Biliary malignancies comprise the vast majority of biliary neoplasms and are divided into the following three categories: (1) carcinomas of the intra- and extrahepatic bile ducts; (2) carcinoma of the gallbladder; and (3) carcinoma of the ampulla of Vater.1 In the United States and other Western nations, biliary malignancies are rare. In certain parts of the world, however, their prevalence rates are high, making them leading causes of cancer death. Biliary cancers are highly aggressive with dismal prognoses. Often these cancers are diagnosed at an advanced stage. In general, they are resistant to chemotherapy. Advances in the understanding of the molecular pathogenesis of these tumors has allowed the development of new experimental models and targeted therapies, and advances in diagnosis and surgical treatment have resulted in improved outcomes for subsets of patients.

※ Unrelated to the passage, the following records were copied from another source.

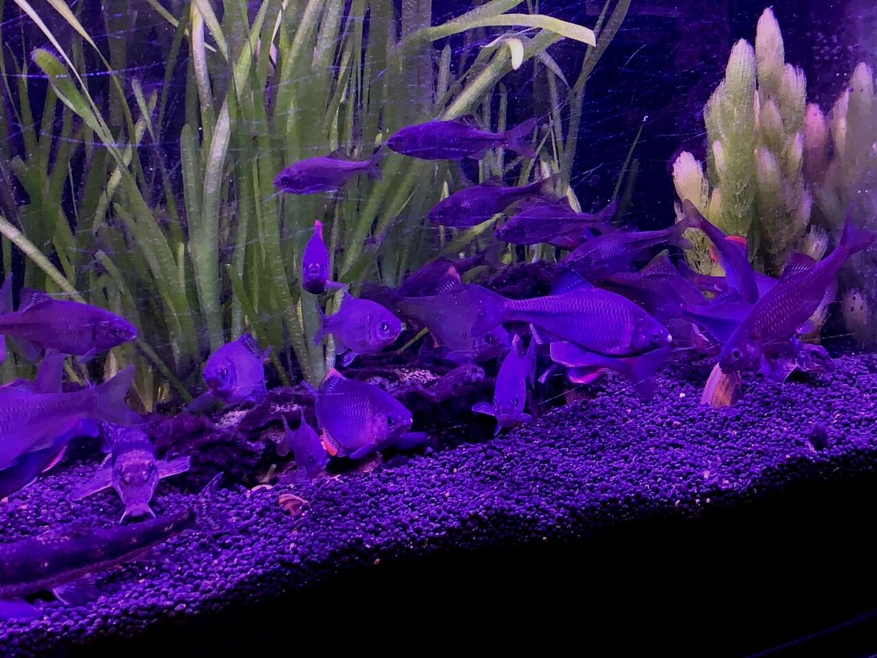 プレコの効果も有り、ガラスや流木・石の苔が減少してきた。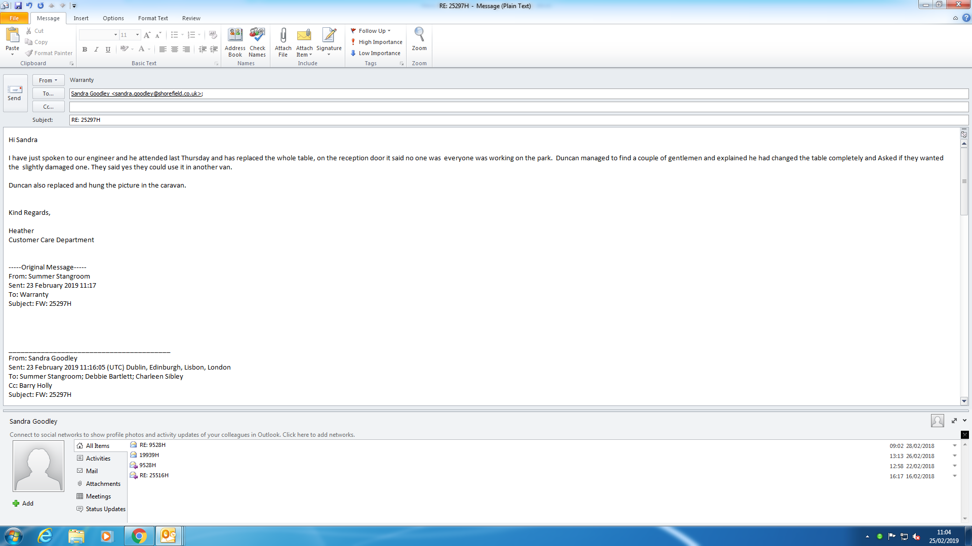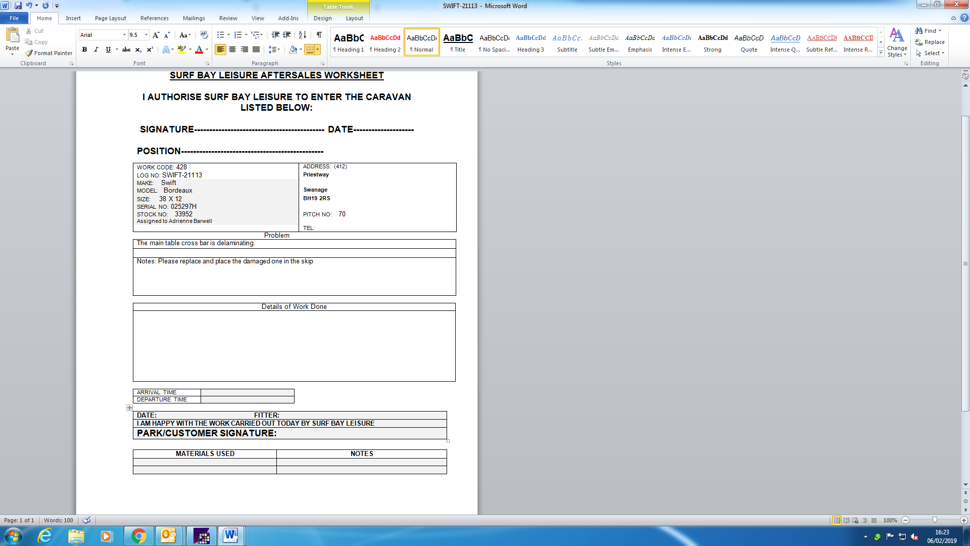 Sandra emailed to see when we were going to rectify the table I have emailed Sandra confirming all completed last Thursday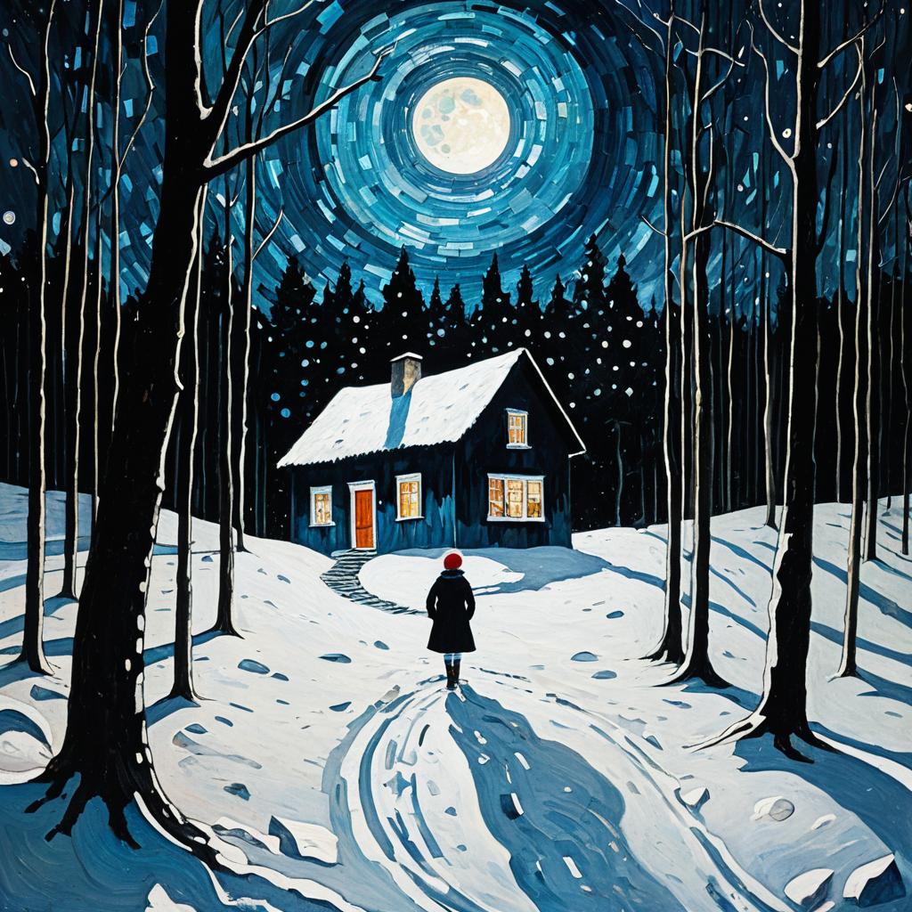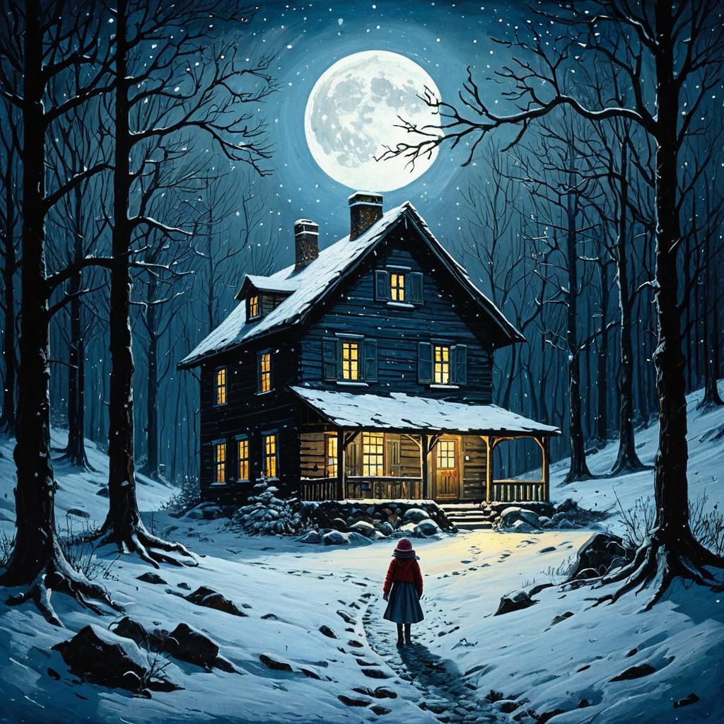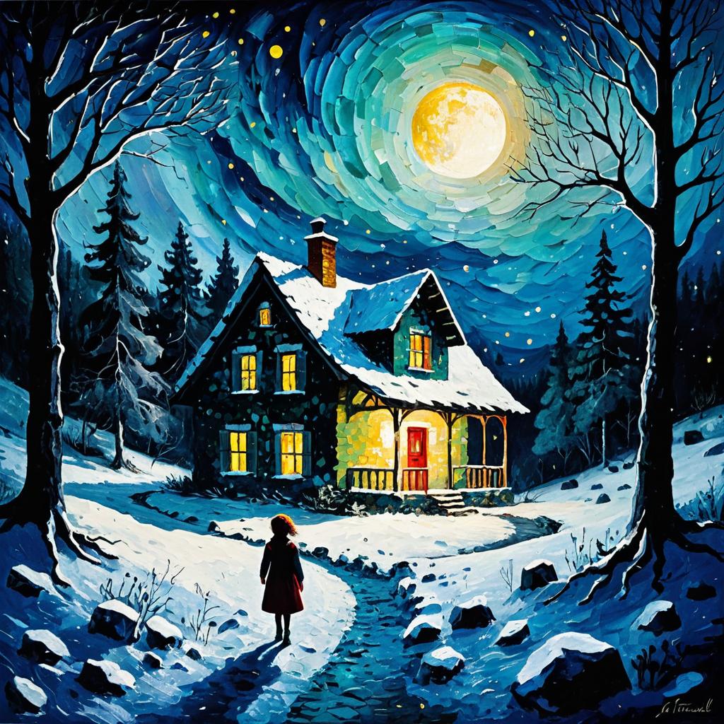 An incredibly winter mystical landscape featuring a lonely mysterious house in a night forest on a moonlit night and a little girl in front of it, in a style that combines Hilma af Klint, Egon Schiele, Joaquín Sorolla but with an original twist. Interesting well-chosen and well-combined colors, high clarity and contrast of picture fragments, oil painting, heavy brush strokes, imitation of handwork, masterpiece, broken glass effect, mythical, iridescent scales, breathtaking beauty, volumetric light, auras, vivid color reflections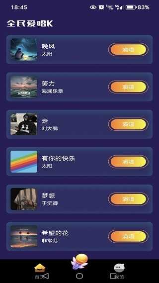 1、安装进入首页,展示了丰富的演唱曲目,自由选择。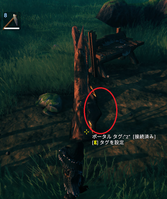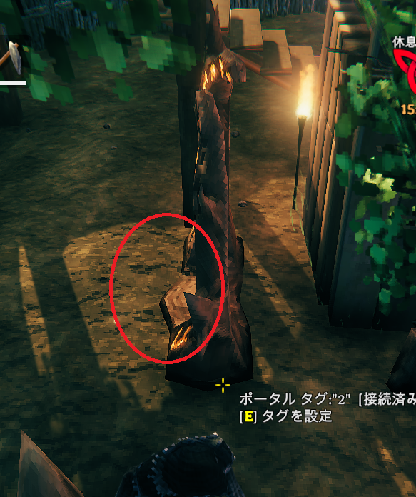 Valheim ポータルの向き Valheim 2022.03.19 凄いいまさらなんだけど、これ、向きがあるんですね。何も考えないと壁側にでてしまったりしてしまう。わかりにくいが、下の絵で下がポコッと出ている方向にワープ後出てくる。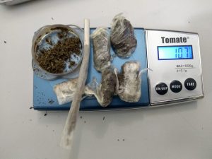 Durante o patrulhamento preventivo pelas ruas da cidade a guarnição deparou com um veículo de marca Fiat parado, porém o motor estava ligado. Ao avistar a viatura o condutor demonstrou certo nervosismo saindo com o veículo sendo abordado pela guarnição logo em seguida. Durante uma revista no veículo foi localizado uma porção de maconha, um cigarro de maconha e uma porção de cocaína, além de diversos apetrechos utilizados no consumo da droga.
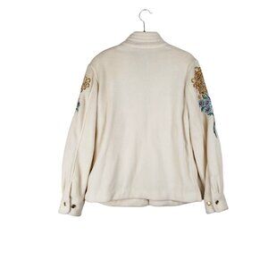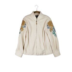 Bob Mackie Wearable Art cream fleece jacket with floral embroidery womens Small
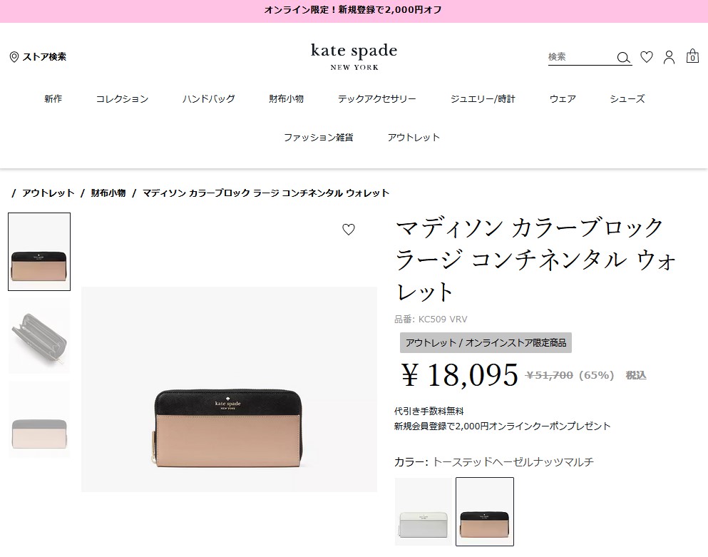 ケイトスペード 長財布 マディソン KC509 200 ベージュ ブラック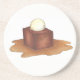 Sandstone coaster features an original marker illustration of a classic British sticky toffee pudding dessert.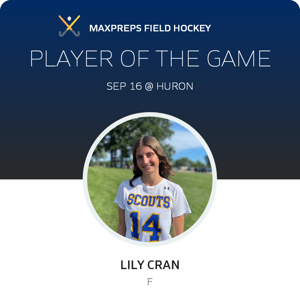 Congratulations to #14 Lily Cran for being selected the Lake Forest Field Hockey Player of the Game.

Cholangiocarcinoma is an epithelial carcinoma with differentiated features of biliary epithelium that arises from the intra- and extrahepatic biliary tree.2 It is the most common bile duct tumor and second most common primary hepatic malignancy (after hepatocellular carcinoma, see Chapter 94). Since the 1970s, the incidence has increased substantially in Western societies.3

The classification of cholangiocarcinomas into intra- and extrahepatic cancers is based on differences in anatomy, etiology, pathogenesis, molecular signature, and treatment. The second-order bile ducts are the anatomic margin for the distinction between these two subsets (see Chapter 62). Extrahepatic cholangiocarcinomas account for 80% to 90% of these cancers and can be further subclassified into hilar or distal bile duct cancers. Hilar cholangiocarcinoma, also referred to as Klatskin tumors, are described clinically according to the Bismuth-Corlette classification as types I to IV (Fig. 69-1). Type I cholangiocarcinomas involve the common hepatic duct distal to the union of the right and left hepatic ducts; type II tumors involve the union of the right and left hepatic ducts; type IIIa tumors involve the union of the right and left hepatic ducts and extend up the right hepatic duct; type IIIb tumors involve the union of the right and left hepatic ducts and extend up the left hepatic duct; and type IV tumors are multifocal or involve the biliary confluence and extend up the right and left hepatic ducts. The natural course of cholangiocarcinoma is aggressive, with a median survival of less than 24 months following diagnosis.4 The only potentially curative treatment is surgical. Unfortunately, the majority of patients are diagnosed at an advanced stage that precludes curative surgery.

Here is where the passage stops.